Stored dataset items
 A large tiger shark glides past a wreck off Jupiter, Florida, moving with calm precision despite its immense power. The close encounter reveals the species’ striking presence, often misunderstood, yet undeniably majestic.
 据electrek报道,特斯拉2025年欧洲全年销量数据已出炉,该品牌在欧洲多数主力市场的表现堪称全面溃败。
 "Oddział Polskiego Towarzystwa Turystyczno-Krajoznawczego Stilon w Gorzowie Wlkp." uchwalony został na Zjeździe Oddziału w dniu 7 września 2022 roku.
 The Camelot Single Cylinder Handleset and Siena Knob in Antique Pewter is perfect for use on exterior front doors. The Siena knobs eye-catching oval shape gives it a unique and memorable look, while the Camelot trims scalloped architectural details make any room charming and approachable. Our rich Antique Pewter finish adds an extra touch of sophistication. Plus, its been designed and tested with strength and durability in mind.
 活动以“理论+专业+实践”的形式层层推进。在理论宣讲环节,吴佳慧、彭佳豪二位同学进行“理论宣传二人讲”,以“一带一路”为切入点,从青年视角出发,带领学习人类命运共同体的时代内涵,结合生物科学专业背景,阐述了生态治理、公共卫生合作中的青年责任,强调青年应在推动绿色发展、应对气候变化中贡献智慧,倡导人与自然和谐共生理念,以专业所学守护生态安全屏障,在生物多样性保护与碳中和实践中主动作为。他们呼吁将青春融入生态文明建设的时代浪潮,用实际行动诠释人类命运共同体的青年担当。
...
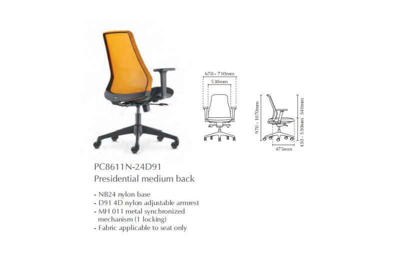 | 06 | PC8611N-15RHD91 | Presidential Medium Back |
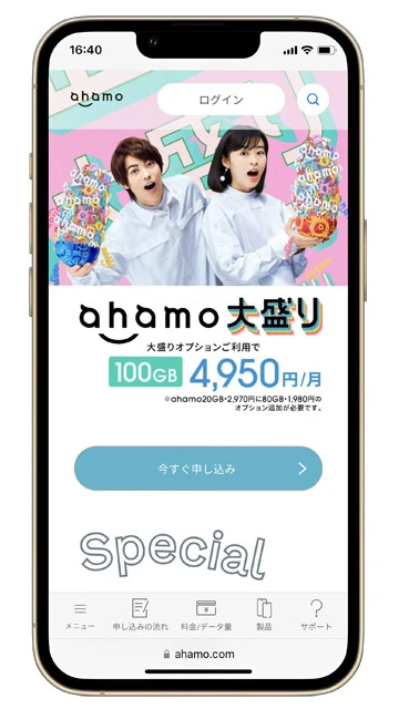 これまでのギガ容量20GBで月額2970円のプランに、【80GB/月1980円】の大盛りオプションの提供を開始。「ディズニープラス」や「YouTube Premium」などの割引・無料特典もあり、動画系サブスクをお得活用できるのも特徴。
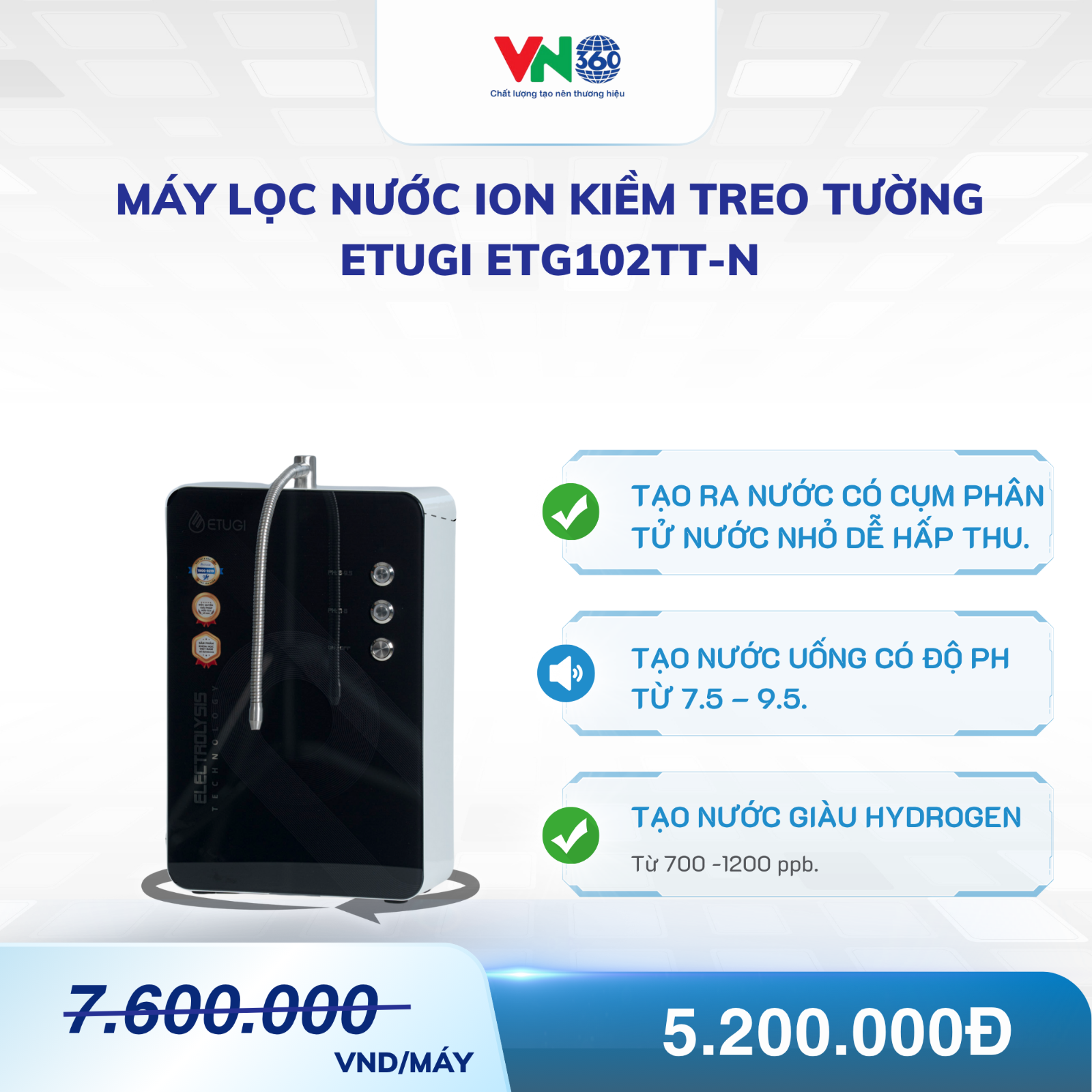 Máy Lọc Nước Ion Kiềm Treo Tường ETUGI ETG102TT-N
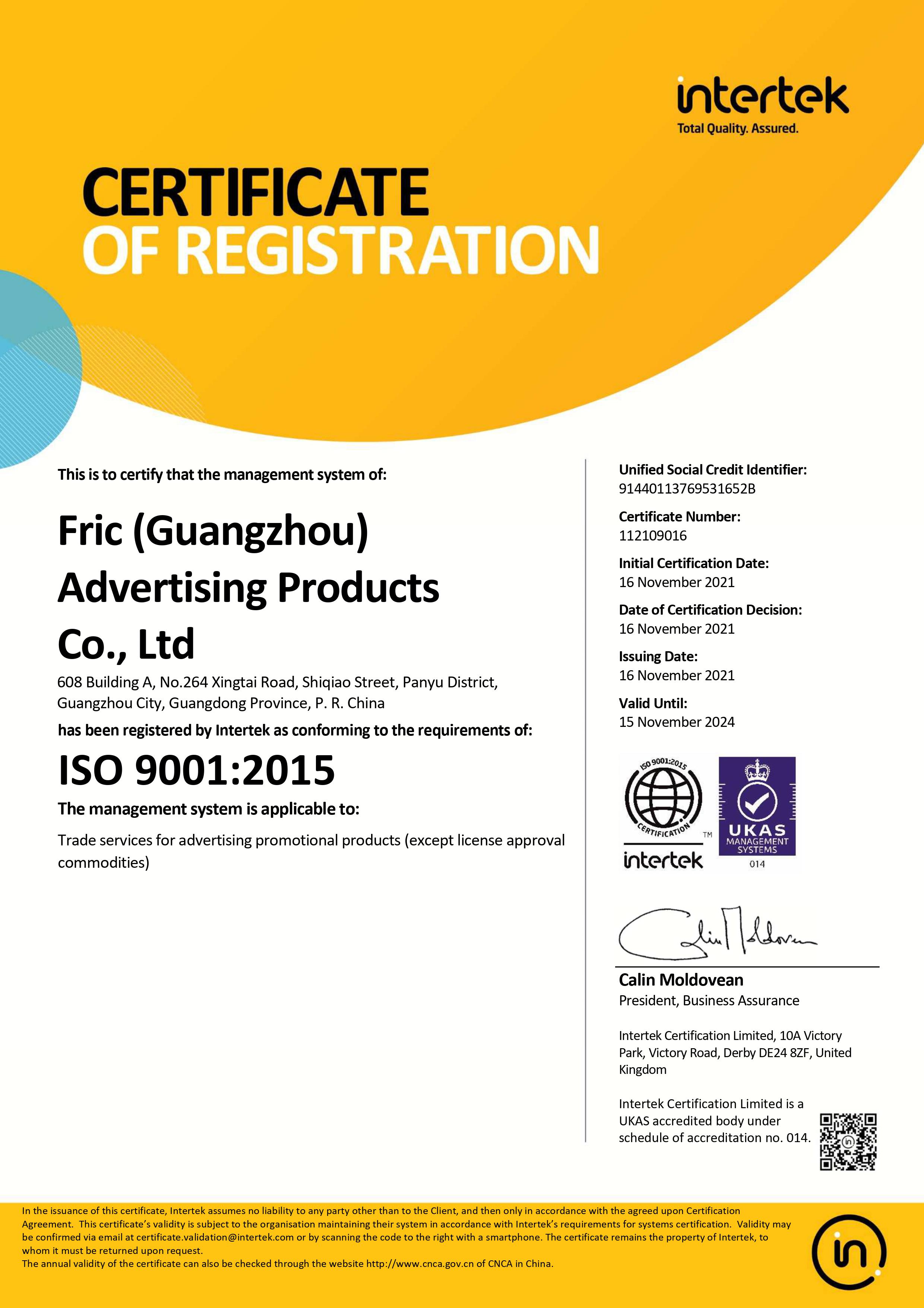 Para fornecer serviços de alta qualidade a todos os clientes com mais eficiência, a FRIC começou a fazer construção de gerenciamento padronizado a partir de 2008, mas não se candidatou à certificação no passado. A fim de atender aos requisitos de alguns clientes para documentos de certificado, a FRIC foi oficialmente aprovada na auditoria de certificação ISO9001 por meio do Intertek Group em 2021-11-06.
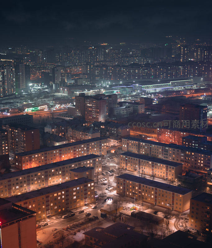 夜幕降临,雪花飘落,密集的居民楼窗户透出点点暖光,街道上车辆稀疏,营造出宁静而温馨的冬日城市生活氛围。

Assigned task | Your answer should consist of every line from the entries that holds "with".

Expected answer |
 A large tiger shark glides past a wreck off Jupiter, Florida, moving with calm precision despite its immense power. The close encounter reveals the species’ striking presence, often misunderstood, yet undeniably majestic.
 The Camelot Single Cylinder Handleset and Siena Knob in Antique Pewter is perfect for use on exterior front doors. The Siena knobs eye-catching oval shape gives it a unique and memorable look, while the Camelot trims scalloped architectural details make any room charming and approachable. Our rich Antique Pewter finish adds an extra touch of sophistication. Plus, its been designed and tested with strength and durability in mind.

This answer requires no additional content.